Tengo malas noticias. Esta idea del amor desaparece de las canciones de
amor. No es ninguna trivialidad porque inconscientemente las canciones
levantan acta notarial de la alfabetización sentimental dominante. El
argumentario amoroso de la mayoría de las letras de las canciones es
tremendo. Ayer escuché una canción amartelada cuyo estribillo aullaba un
«no puedo vivir sin ti». Es una expresión muy recurrente en el cancionero
que a fuerza de repetirse parece esculpida en mármol y por tanto
inmunizada a cualquier impugnación. Hace poco también escuché en otra
pieza otro razonamiento igualmente perplejizante: «sin ti la vida duele
menos». Existe una canción tremendamente popular en la que también
alguien recuerda que «sin ti no soy nada». Estas hipérboles son muy
frecuentes en el imaginario.

Padecemos una curiosa propensión a lanzar mensajes negativos en vez de


enfatizar la mejora que supone compartir la vida con alguien que queremos
y que nos quiere. Ayer mismo lo hablaba con un profesor, que está
urdiendo ejercicios para que aprendamos a traducir correctamente los
mensajes y le demos una orientación positiva. Es muy fácil y muy
enriquecedor. En vez de argumentar que «no puedo vivir sin ti» se puede
aclarar que «puedo vivir sin ti, pero preferiría no hacerlo». En vez de soltar
el confuso «sin ti la vida duele menos» podemos afirmar un sencillo
«disfruto más la vida estando juntos». Frente al «sin ti no soy nada»

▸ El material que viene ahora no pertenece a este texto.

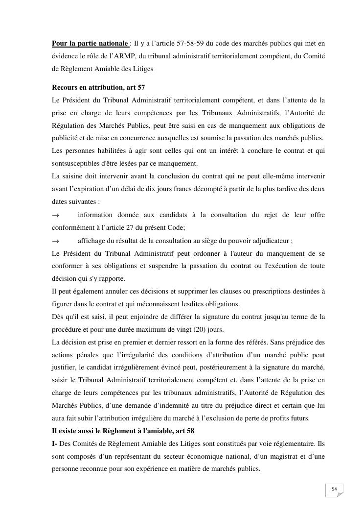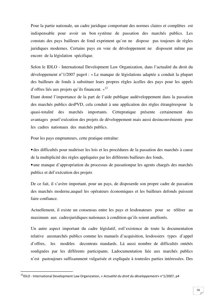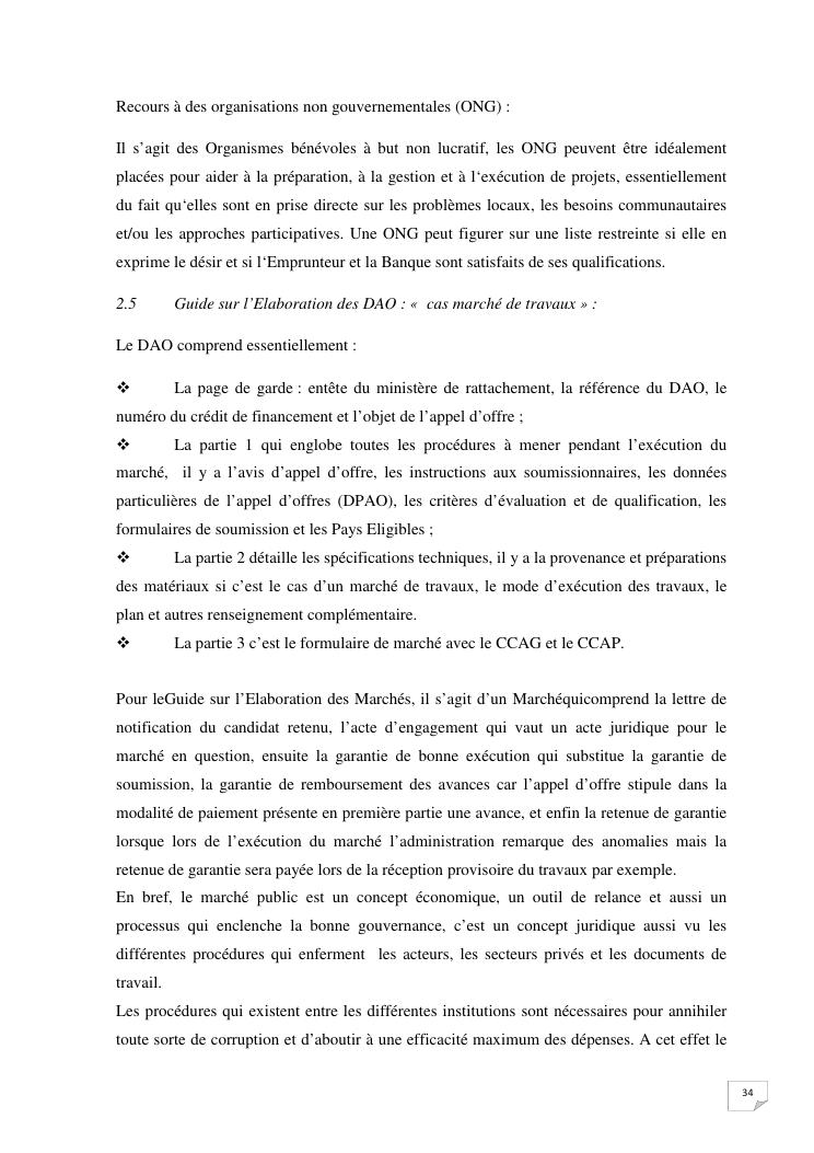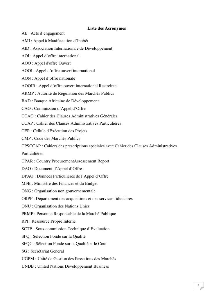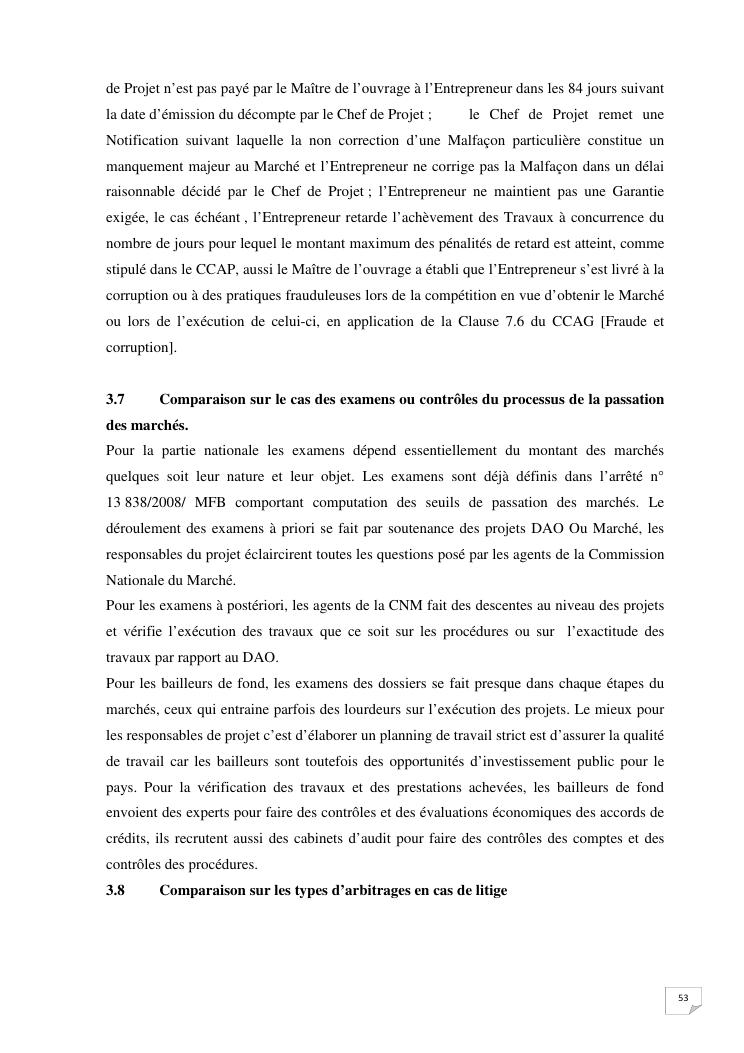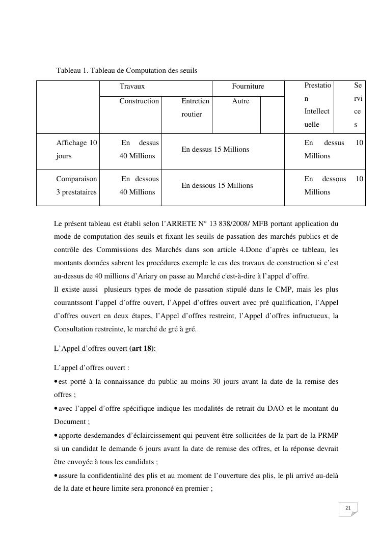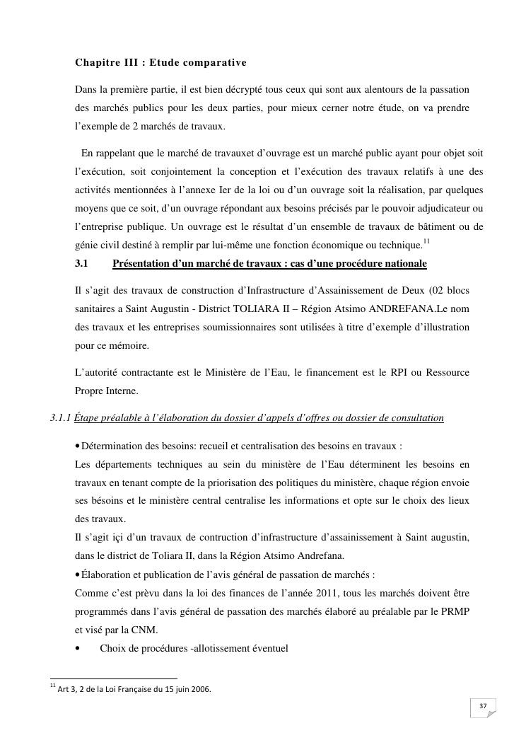 analyse comparative des procedures de passation des marches publics nationaux et des bailleurs de fonds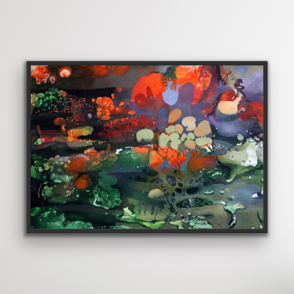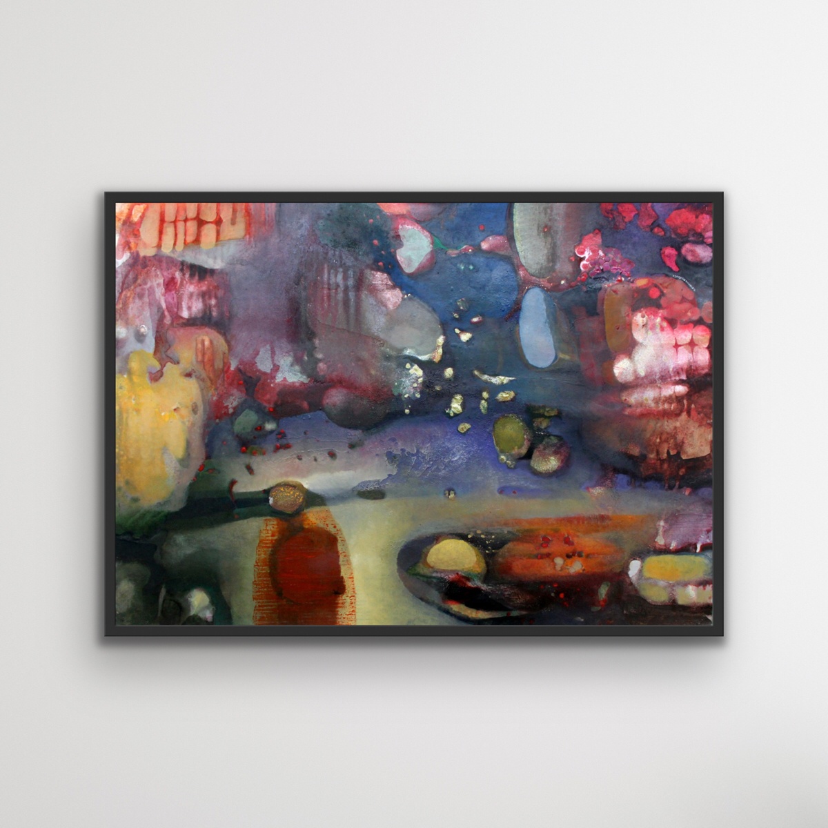 Kształty wywodzą się najpewniej ze świata materii – jak powiększone pod mikroskopem, poddane uważnej obserwacji cząstki. Barwne profuzje wypełniają całą powierzchnię obrazu, tworząc bezgraniczny zapis zmysłowości. Materialność i cielesność, z której czerpią prowadzi do drugiego, dyskretniejszego, lecz jeszcze bogatszego świata- przestrzeni przeżyć duchowych.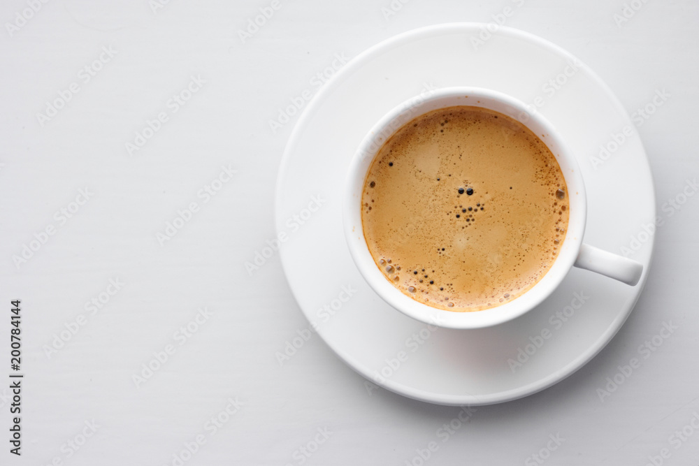 Coffee cup on saucer on white background. Top view with copyspace for your text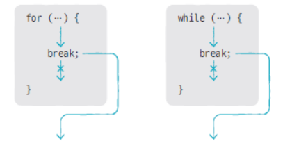 반복문(for, while, do-while)의 실행을 중지할 때 사용된다. 또한 swich문에서도 종료 용도로 쓰이고 있다. 주로 if문과 함께 사용하며, if 문과 함께 조건식에 따라 while, for문을 종료한다.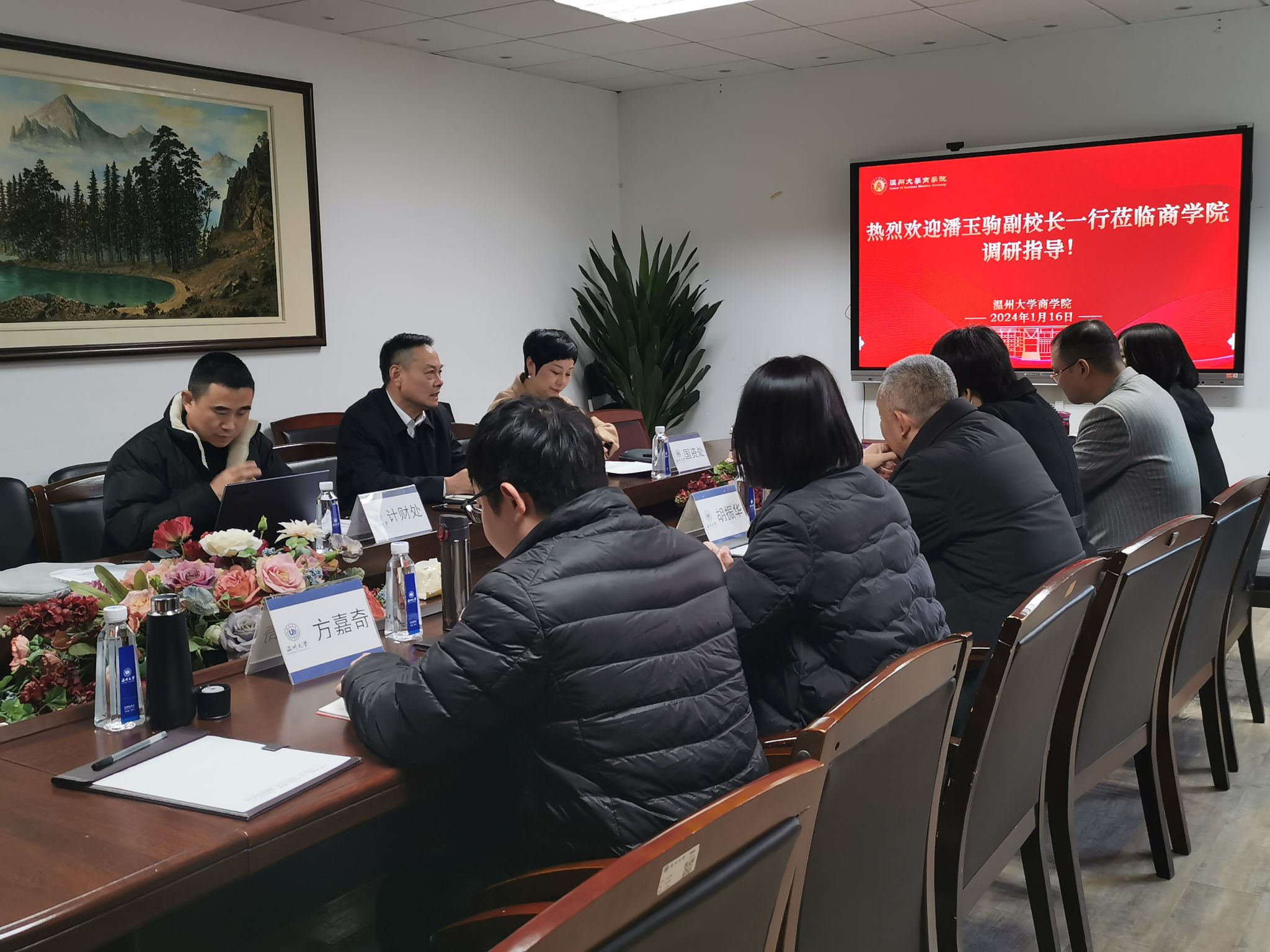2023年1月16日上午,潘玉驹副校长一行调研免费黄色网站,国资处处长张若妤、计财处副处长任瑞璋陪同调研。免费黄色网站全体班子成员及学院办公室参与调研会。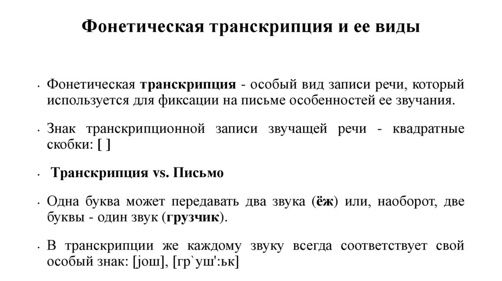 Фонетическая транскрипция и ее видыФонетическая транскрипция - особый вид записи речи, который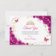 Fuchsia pink gold and white floral Quinceanera thank you card. Features, script font, gold butterflies, watercolor roses and tiara. Perfect for an elegant princess style glam celebration. Personalize with your own details.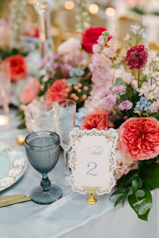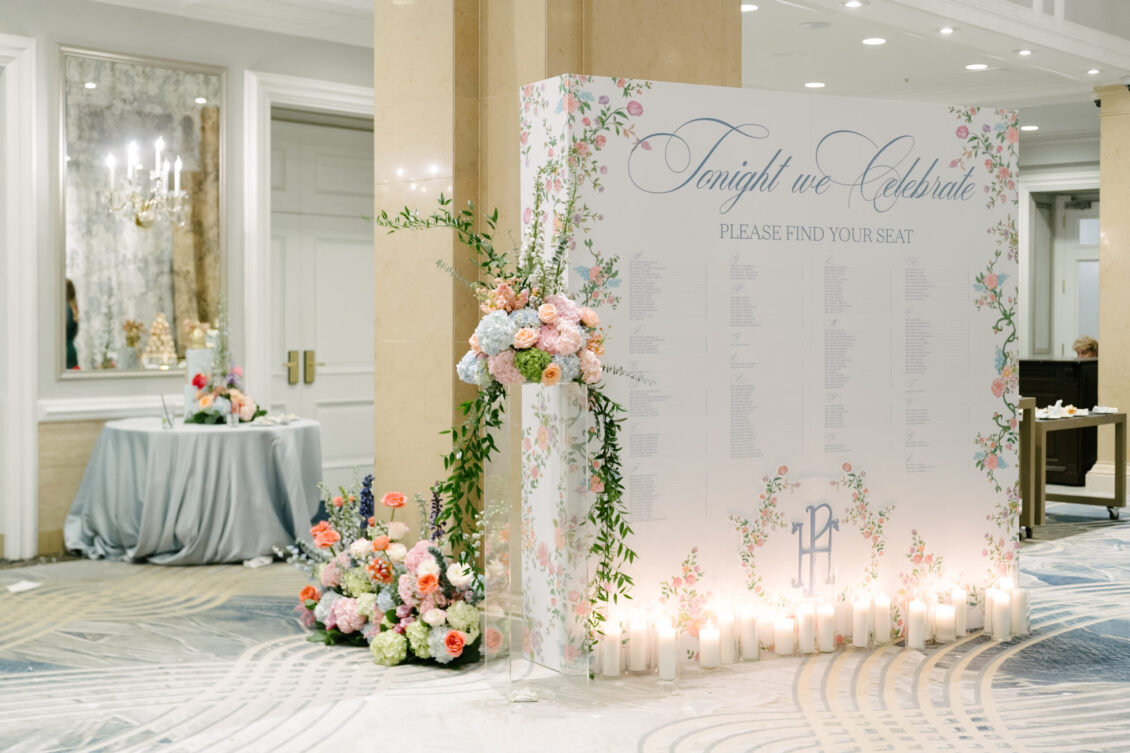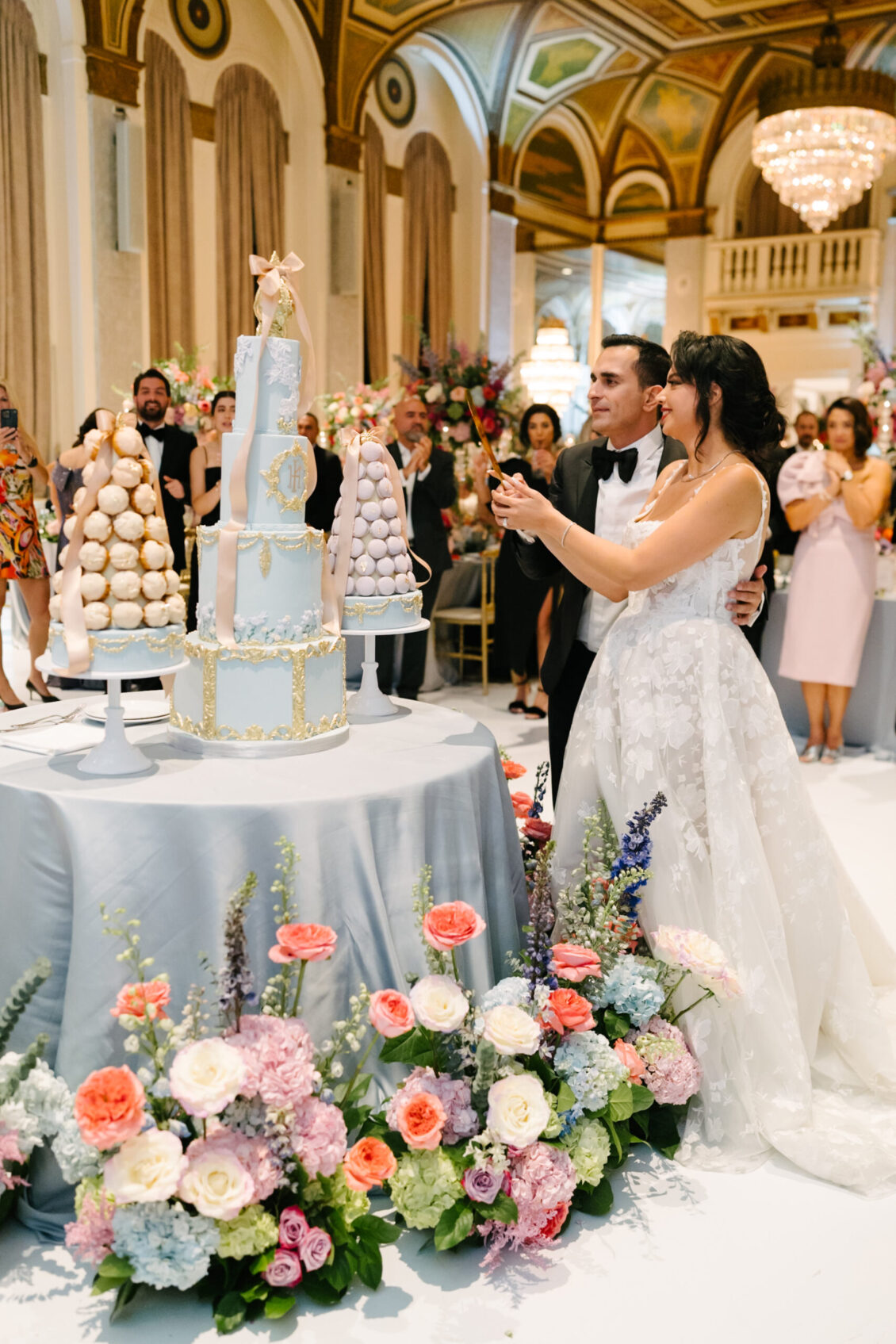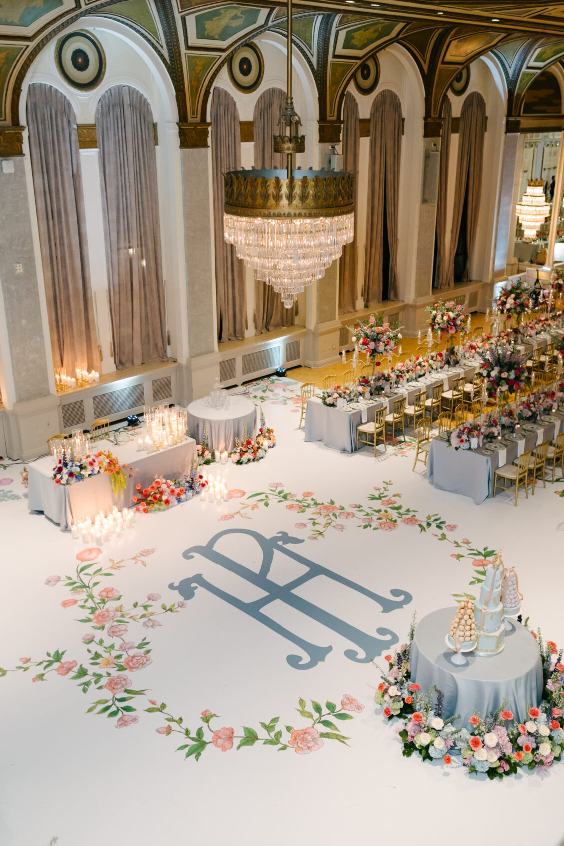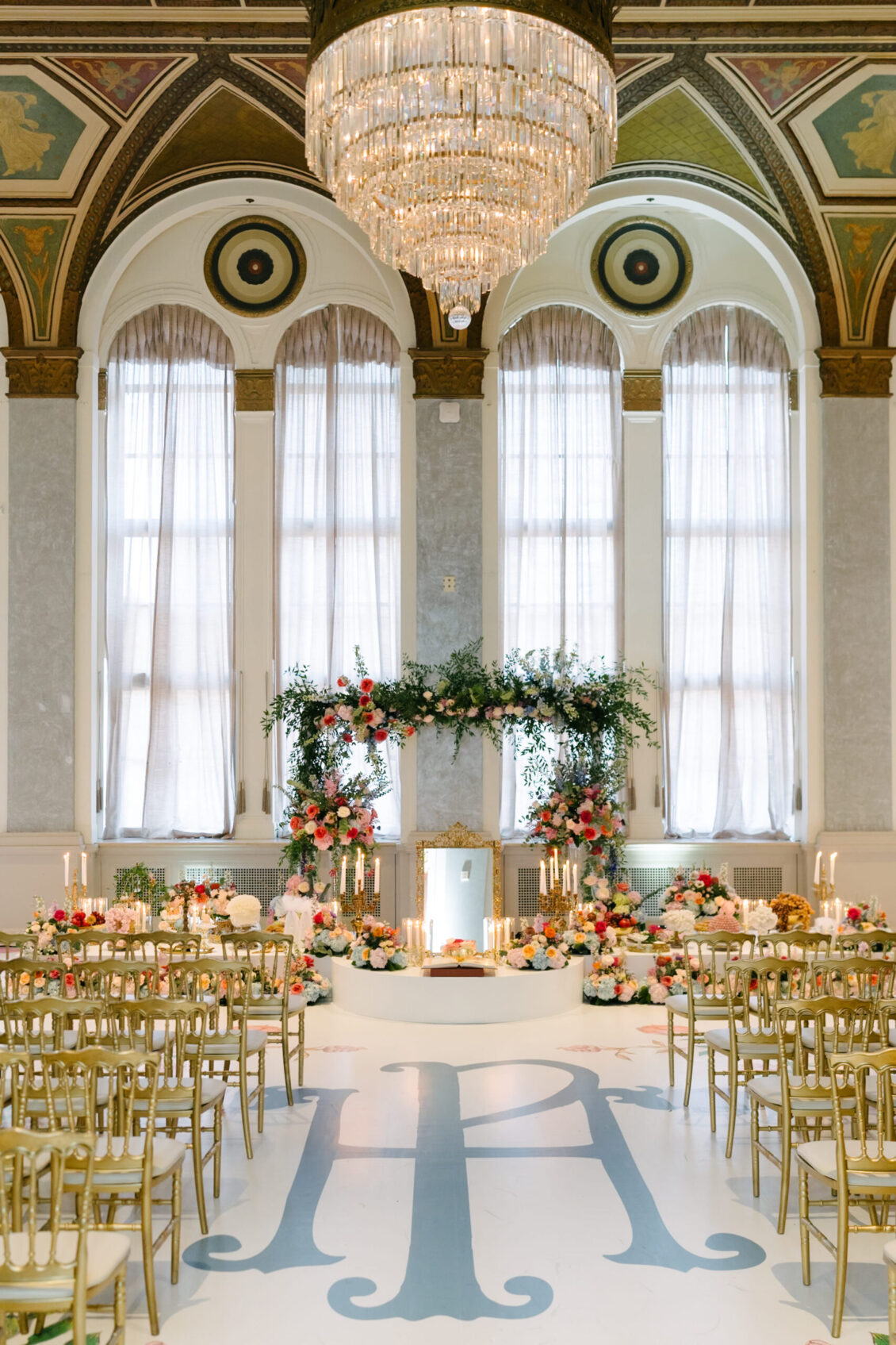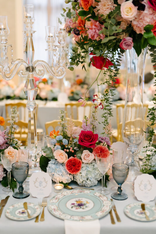 Designed by the bride in collaboration with her planner, the celebration blended Victorian elegance with couture-level glamour and nods to the couple’s Persian heritage. Guests were welcomed into a floral dreamscape, with hundreds of blooms flown in from the Netherlands cascading beneath the historic painted ceiling of the Royal York’s ballroom. Custom Victorian-inspired china, pastel-hued arrangements, and towering candelabras created a scene reminiscent of a European château, while a live violinist set an enchanting soundtrack for the ceremony. The couple’s sofreh aghd honored their cultural traditions, while a Persian tea station added an intimate and meaningful touch.

podemos señalar «contigo soy más». Para no caer en esa falacia de que «el
amor me ha hecho sufrir», podemos sincerarnos y aclarar que «el amor no
correspondido me ha hecho sufrir». Podemos permutar el masoquista «yo
aún podía soportar tu tanta falta de querer» (que escuché en la radio hace
unas semanas), por el incomprensible para mí pero más transparente en su
construcción lingüística «quiero estar contigo incluso aunque tú no quieras
estar conmigo». A mí jamás se me ocurriría mantener una relación con
alguien que me soltara esta afirmación escuchada en la estrofa de una
canción: «Yo prefiero morir a tu lado a vivir sin ti». Eso sí, no tengo la
menor duda de que me encantaría estar con alguien que me dijera y a quien
yo pudiera decirle: «Estoy tan a gusto a tu lado que me apena que solo
tengamos una vida por delante». Pura pedagogía en positivo.